David Kennedy '80 Praised for
Crime Fighting Strategy in Newsweek
by Alisa Giardinelli
David Kennedy '80
In a recent Newsweek profile, criminologist David Kennedy '80 describes his approach to combatting crime, methods that are being adopted by police departments from Atlanta to Seattle. In one cited example, a crime-infested Nashville neighborhood where Kennedy's program was used saw a 91 percent drop in crime and prostitution in 2008.
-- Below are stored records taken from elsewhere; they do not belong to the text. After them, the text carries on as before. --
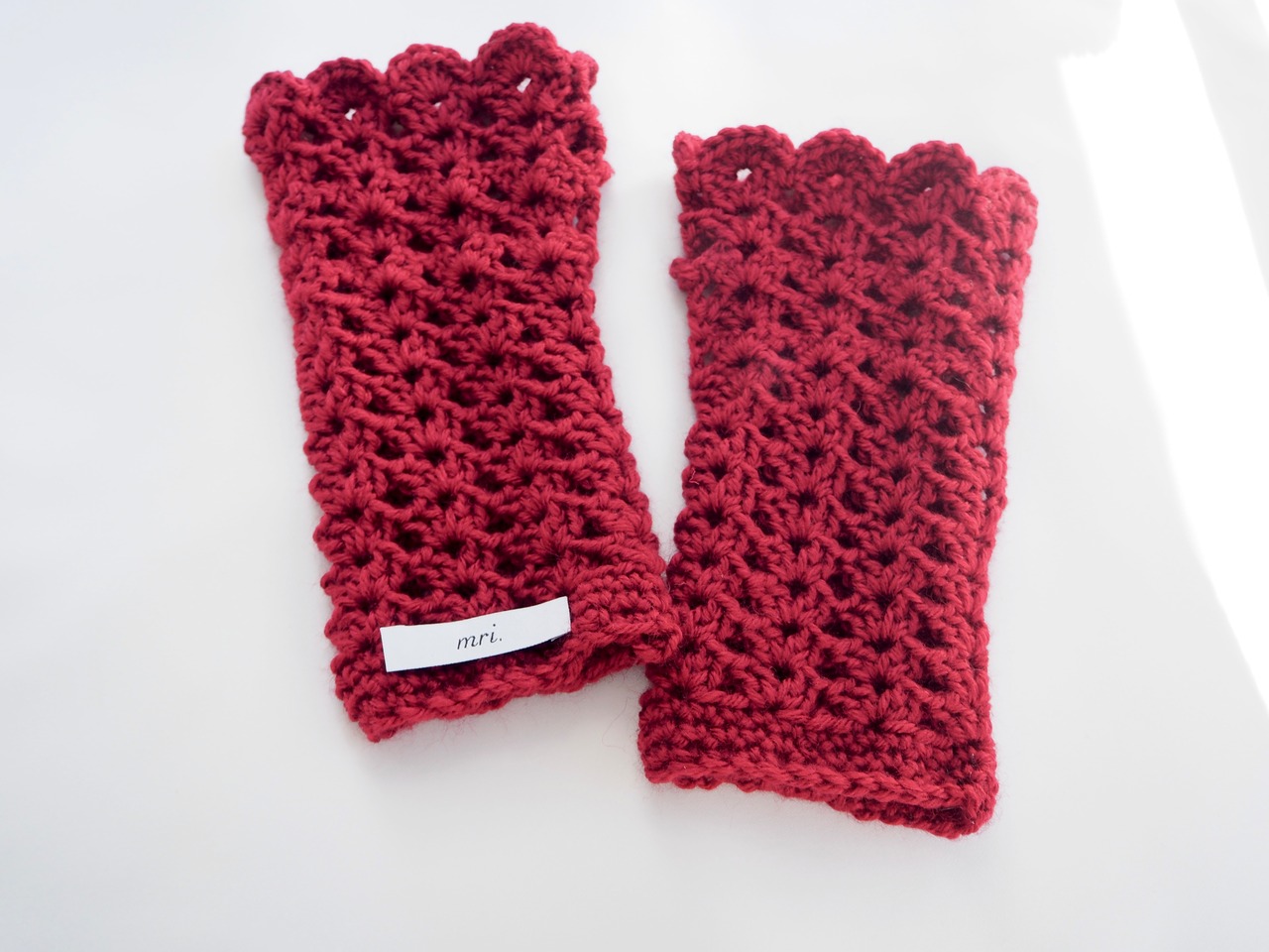 透かし編みが特徴のアームウォーマーです。
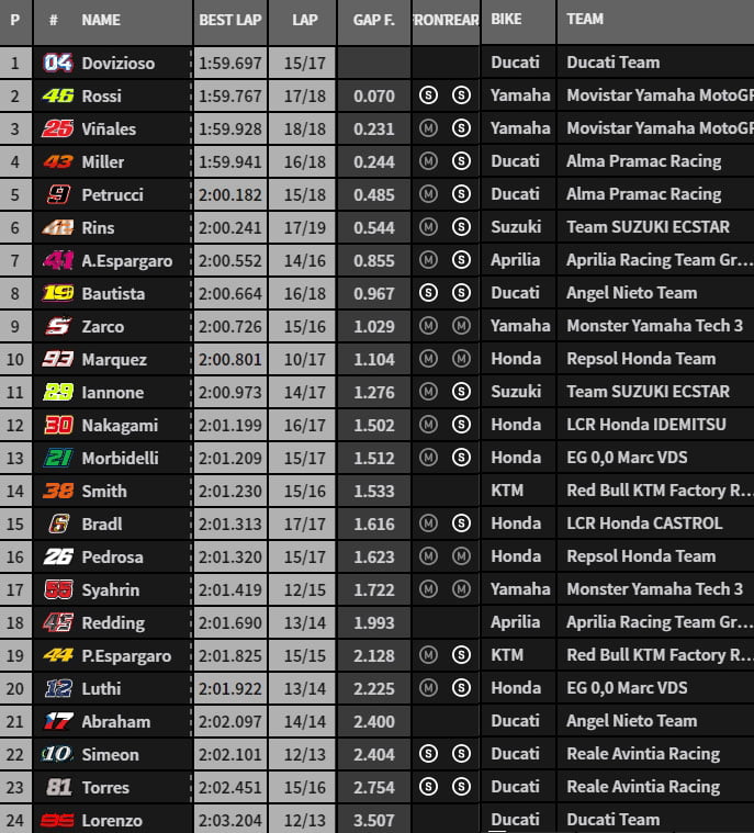 Toutefois, dans la dernière minute, Valentino Rossi se positionne 2e en profitant du sillage de Danilo Petrucci et Maverick Vinales remonte lui aussi à la 3e pl.ace.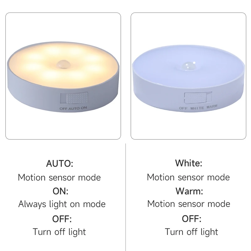 Motion Sensor Light Led USB NightLights Round Chargeable Lamp for Kids Bedroom Kitchen Stair Hallway Wardrobe Cupboard Lighting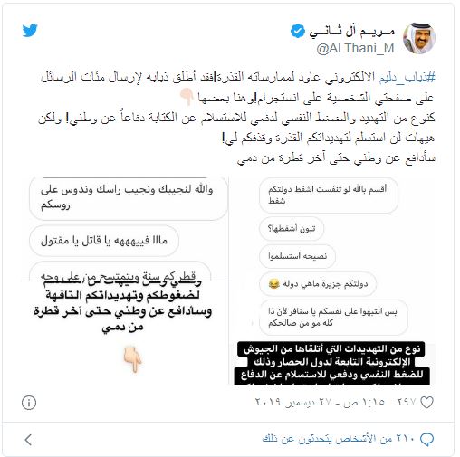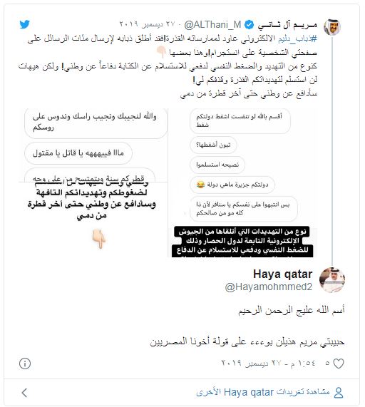 وقالت الشيخة القطرية في تعليق على التهديدات التي نشرتها بتغريدة على صفحتها بتويتر: “ذباب دليم الالكتروني عاود لممارساته القذرة! فقد أطلق ذبابه لإرسال مئات الرسائل على صفحتي الشخصية على انستجرام! وهنا بعضها.. كنوع من التهديد والضغط النفسي لدفعي للاستسلام عن الكتابة دفاعاً عن وطني! ولكن هيهات لن استسلم لتهديداتكم القذرة وقذفكم لي! سأدافع عن وطني حتى آخر قطرة من دمي”.

"We've been in this cycle in which law enforcement pushed harder and harder and harder, which drives the community further and further away," he says. "That creates additional space for the relatively few bad guys to operate, which makes law enforcement push harder and makes the community step further back. We're in this spiral of decline, and the great revelation of the High Point [N.C.] work was that we can consciously step out of that spiral and, in fact, reverse it." more
The work in High Point that Kennedy refers to is the drug market elimination strategy he designed for the city's police department; the program earned the 2007 Innovations in American Government Award from the Ash Institute for Democratic Governance and Innovation at Harvard University's Kennedy School of Government. Kennedy, director of the Center for Crime Prevention and Control and a member of the faculty at the John Jay College of Criminal Justice since 2005, previously directed the Boston Gun Project, which won numerous awards, including the Ford Foundation Innovations in Government Award, for its Operation Ceasefire Initiative.